[Data extracted from a collection]
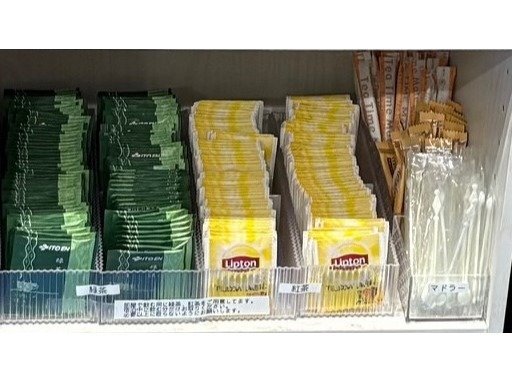 緑茶、紅茶、砂糖、ミルク、マドラー
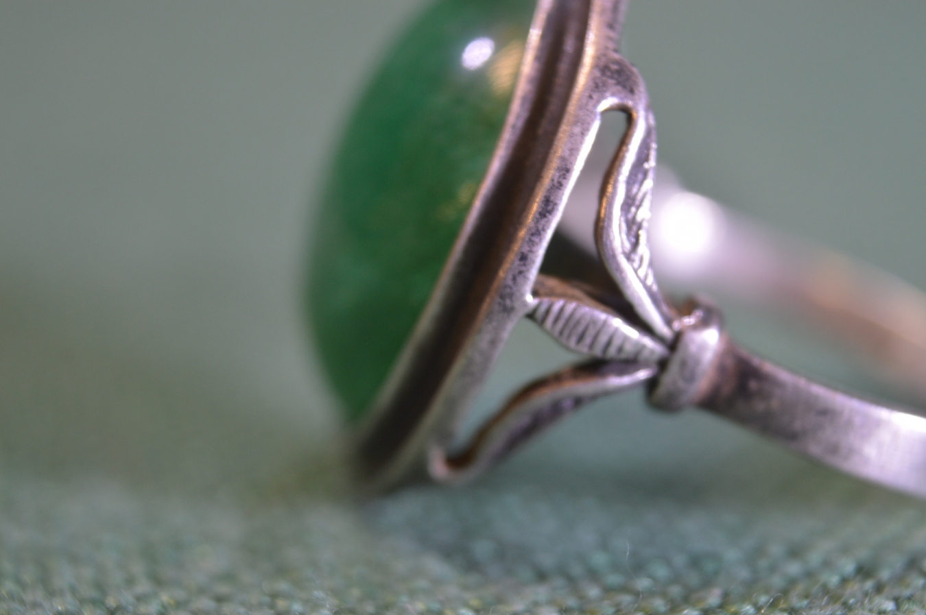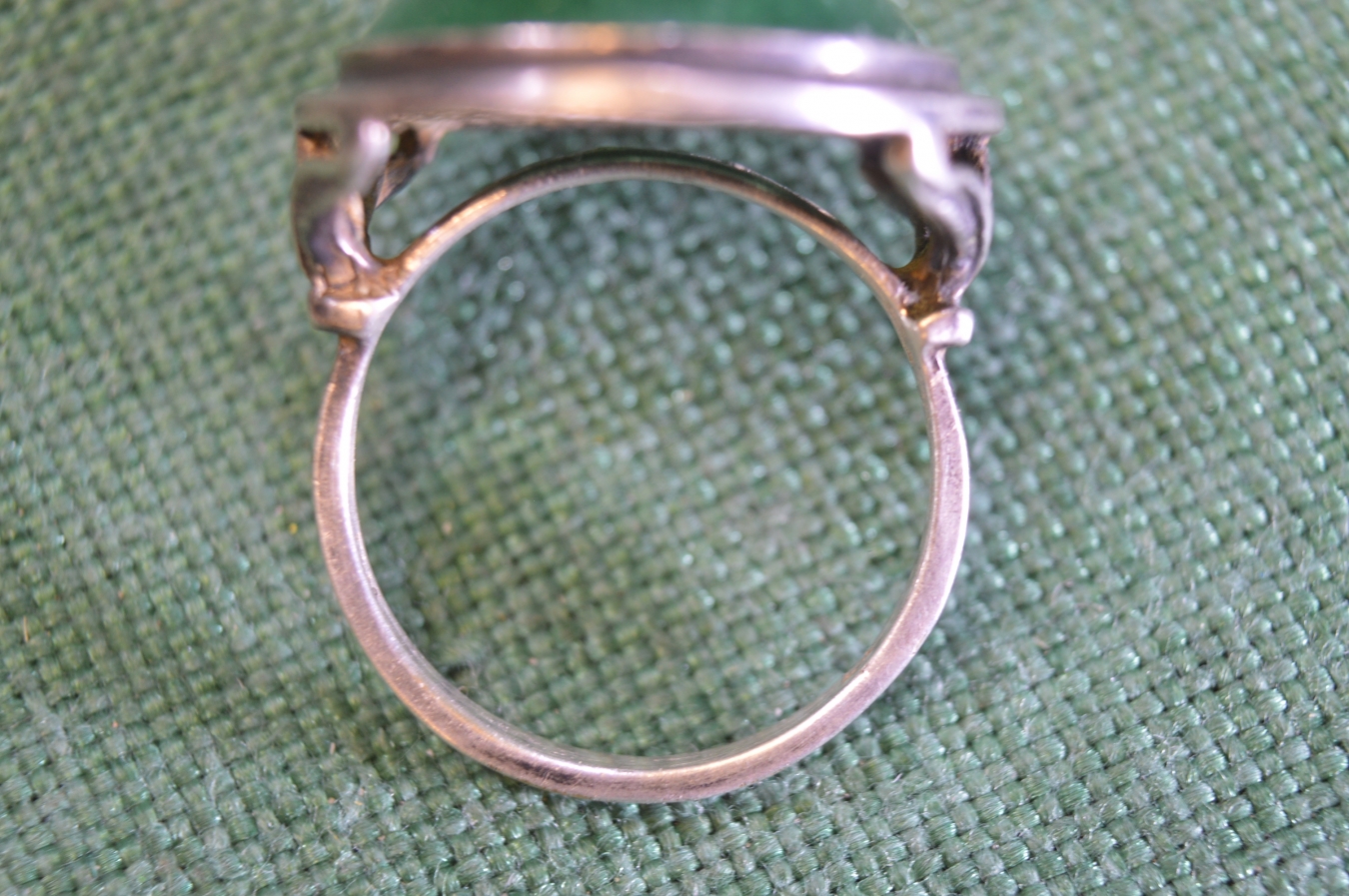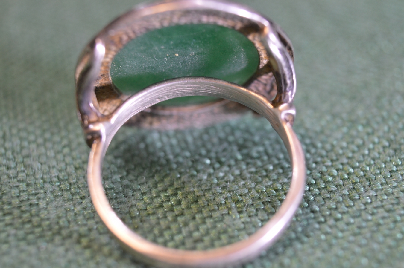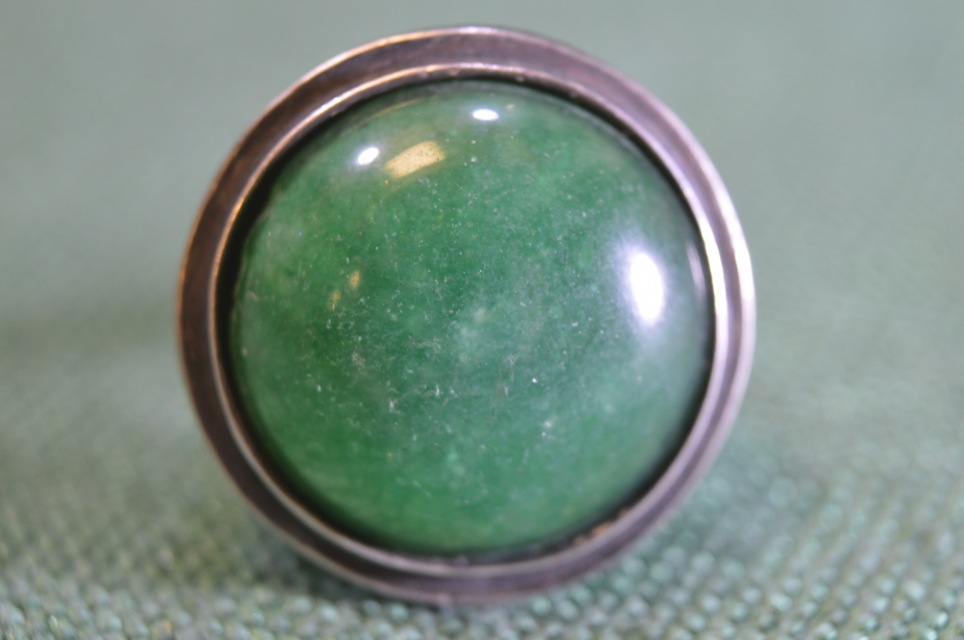 Кольцо крупное. Зеленый камень. Серебро. Винтаж. Вероятно Восток.
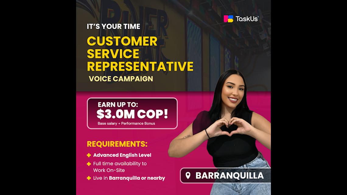 Se parte de equipo de TaskUs y conviértete nuestro próximo agente Customer Service (Voice Campaing) - Medicina Prepagada + Beneficios TOP.
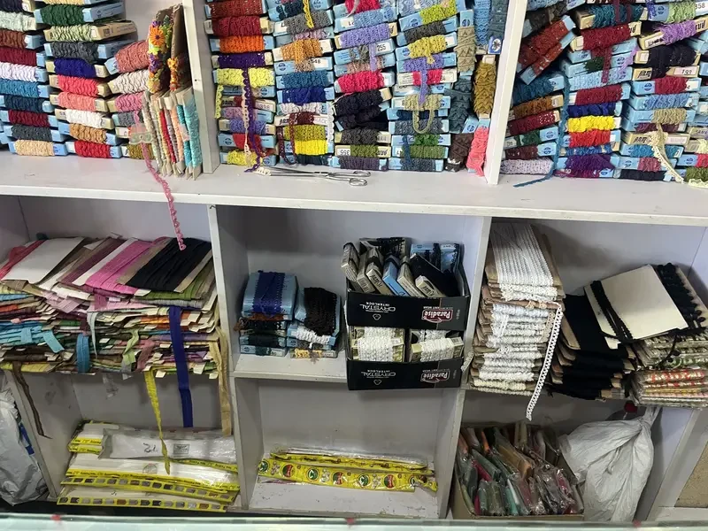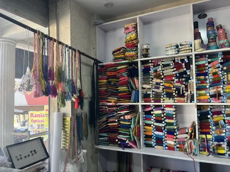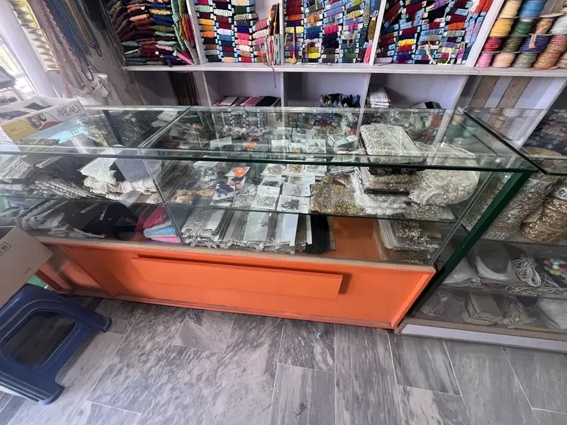 A lace shop for sale on Defence Road, Rawalpindi featuring tailoring materials like laces, buttons and pico machines with a prime location — a great opportunity to own a specialized retail space ready for garment accessories business or expansion.
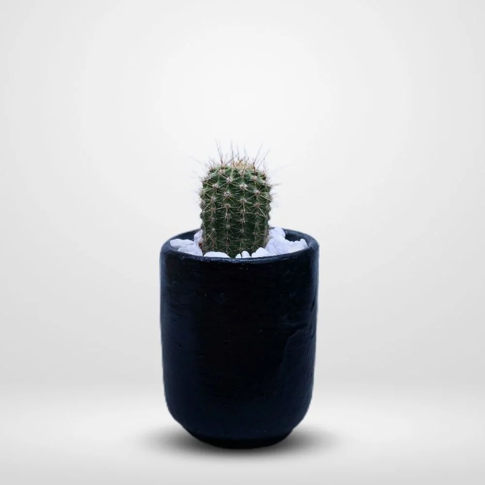 Cactus cheerfully potted in hand painted clay pots. It gives a beautiful aesthetic look to the stationed placed to be used as minimalistic decor to your workspace or home or gift a soothing sustainable addition to someone library of art.
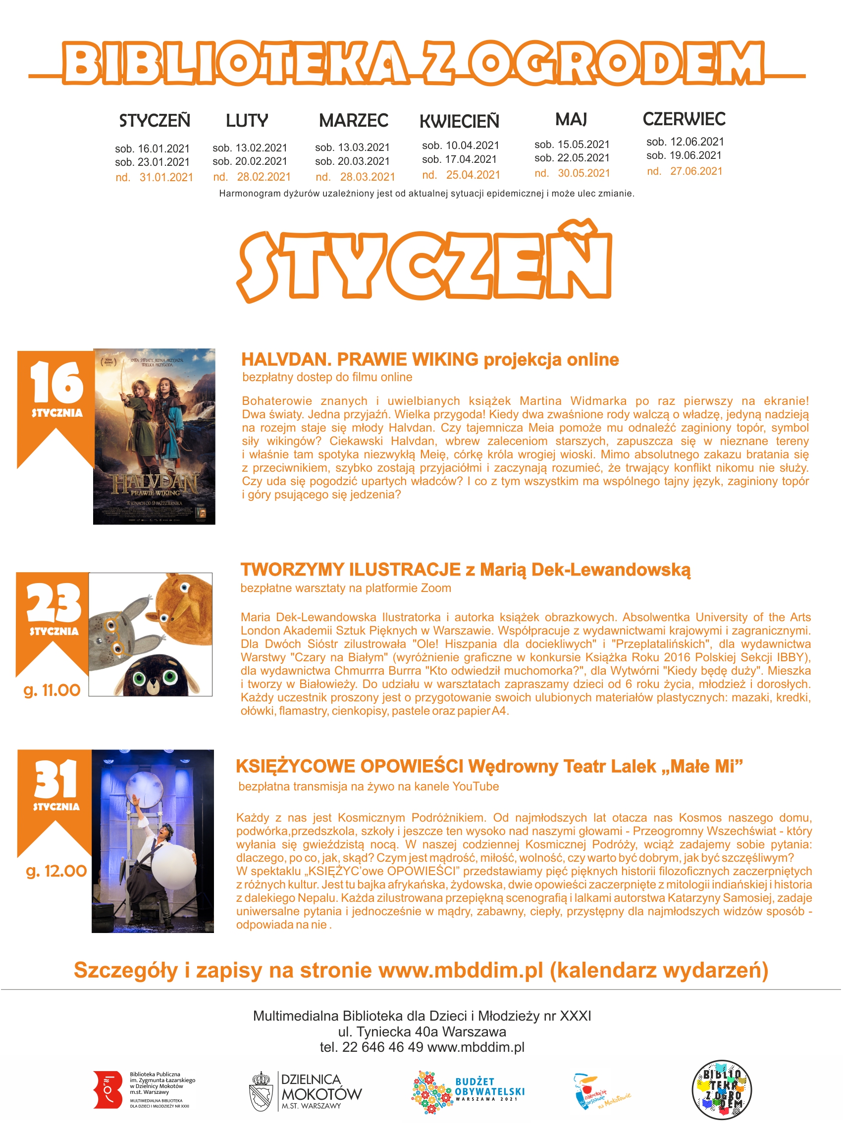 Szczegółowy grafik dyżurów dostępny jest na stronie www.mbddim.pl w zakładce Biblioteka z ogrodem. W dni projektowe jesteśmy otwarci w godz. 10.00-16.00, natomiast wydarzenia kulturalne realizujemy online .
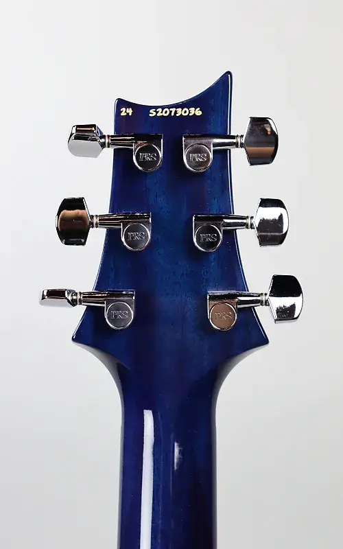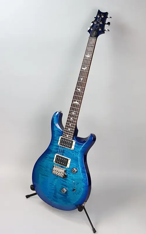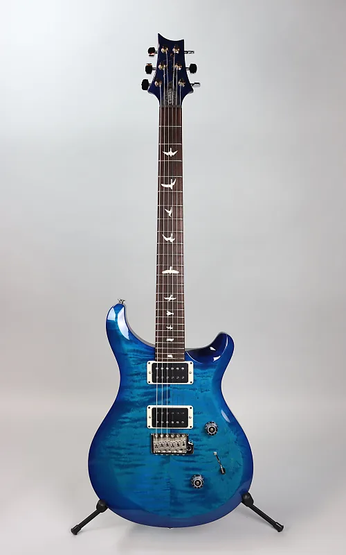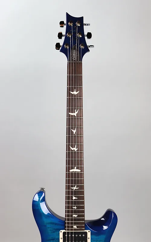 Технические характеристики: Крышка из клена; корпус из красного дерева; гриф из красного дерева (тонкий профиль); грифовая накладка из розового дерева, 24 лада; мензура 25"; ширина грифа 1-11/16"; никелированная фурнитура; инкрустация в виде птиц; тремоло мост PRS с запатентованной системой; PRS низкомассовые блокирующие колки. Глянцевое покрытие Nitro Lake Blue. В комплекте чехол PRS.
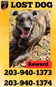 Knox is a 85 lb Brindle Mix. He has a brown leather collar with a tag with his name on it. End of his long tail has a notable curl to it.
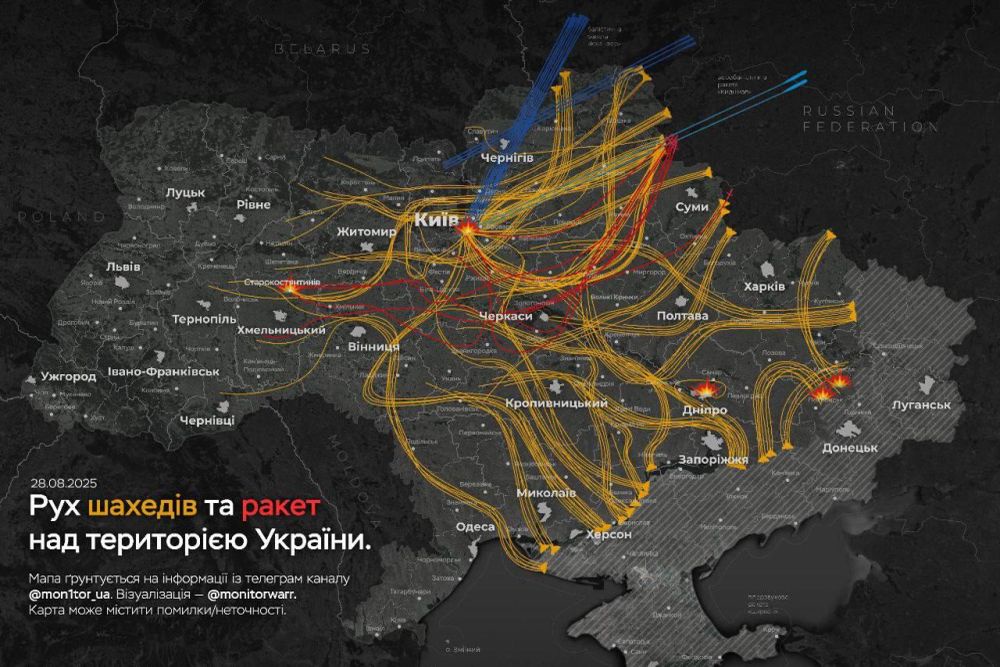 Мониторинговые ресурсы опубликовали карту ночного удара БПЛА и ракет по военным объектам на территории Украины.

* **THE TASK**:
Through the line containing "A lace shop" and no further, restate the data above word for word from its first line, leaving out pictures.

* **EXPECTED ANSWER**:
 緑茶、紅茶、砂糖、ミルク、マドラー
 Кольцо крупное. Зеленый камень. Серебро. Винтаж. Вероятно Восток.
 Se parte de equipo de TaskUs y conviértete nuestro próximo agente Customer Service (Voice Campaing) - Medicina Prepagada + Beneficios TOP.
 A lace shop for sale on Defence Road, Rawalpindi featuring tailoring materials like laces, buttons and pico machines with a prime location — a great opportunity to own a specialized retail space ready for garment accessories business or expansion.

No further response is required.